Psi y que

De la emoción a la lesión

¿Recuerdas la última vez que te enojaste intensamente? ¿Qué generó ese enojo? ¿Cómo te sentiste? ¿Cómo lo resolviste? ¿Aún sigues enojado? ¿Sabías que cuando te enojaste elevaste hasta tres mil veces los riesgos a tu salud?

La psicología popular ha divulgado la idea de que la ira y el enojo son monstruos a los que hay que domesticar. Lo cierto es que las emociones de furia son paradójicamente normales e incluso hasta necesarias, pues las activamos ante situaciones de amenaza, ataque, miedo, frustración o daño. Indudablemente, el enojo y la ira pueden llegar al límite de convertirse en emociones destructivas si se sienten con frecuencia e intensidad inusitada o sí se expresan de manera inapropiada; lastimándonos o lastimando a otros.

Una emoción es un proceso psicofisiológico, una reacción súbita y brusca que se acompaña de cambios orgánicos, fisiológicos y endocrinos, que involucra un conjunto de cogniciones, actitudes y creencias sobre el mundo. Así también, una emoción ocasiona cambios faciales en el rostro, en las posturas corporales y en la asociación de imágenes, creencias, significados e interpretaciones que la persona le otorga a nivel mental.

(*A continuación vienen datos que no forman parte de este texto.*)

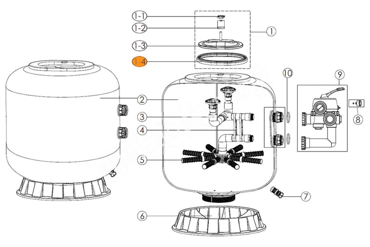 Поз. №1-4 - Прокладка-кольцо фланца бочки фильтра Emaux S-1000 - S1200

A nivel fisiológico, el enojo provoca que tu corazón bombee más sangre con mayor rapidez y la envíe a los músculos de tu cuerpo por si hay necesidad de correr o defenderse. También se producen más plaquetas y se pone en marcha el sistema inmunológico por si se genera alguna herida en tu cuerpo. Así también, se provoca fatiga y hambre, las células cargadas de los lípidos liberarán grasa en tu flujo sanguíneo, las paredes de las arterias se deteriorarán levemente y la grasa acumulada se transformará en colesterol nocivo ¿Suficiente o continuamos? A nivel psicológico, el enojo alterará tu atención y concentración, se activarán o desactivarán ciertas redes neuronales relevantes en el pensamiento y memoria, por lo que algunos recuerdos se intensificarán o provocarán que lamentablemente algunas imágenes, sonidos, olores y sensaciones no los puedas olvidar o procesar de una forma más sana.

¿Después de enojarte no tenías ganas de hacer ciertas cosas o literalmente te sentiste terriblemente fatigado, sin deseos y sin voluntad? Ello se debió a la influencia del enojo en tu motivación ¿Intentaste escribir, leer o resolver un problema personal o familiar inmediatamente después de haberte enojado? ¿Fue difícil? Nuevamente, el enojo influyó en tu aprendizaje y en tu capacidad para almacenar información.

Aprende a enojarte. Los momentos de felicidad, un diálogo inteligente, la risa y en especial el enamoramiento, los besos, el ejercicio y la práctica responsable de tu erotismo y sexualidad generarán “micro-reparadores” que hasta donde sabemos parecen ser un buen contrapeso ante el enojo. Recuerda que no hay un tipo de maltrato más doloroso, que aquel que uno mismo se causa. No olvides protegerte de ti mismo.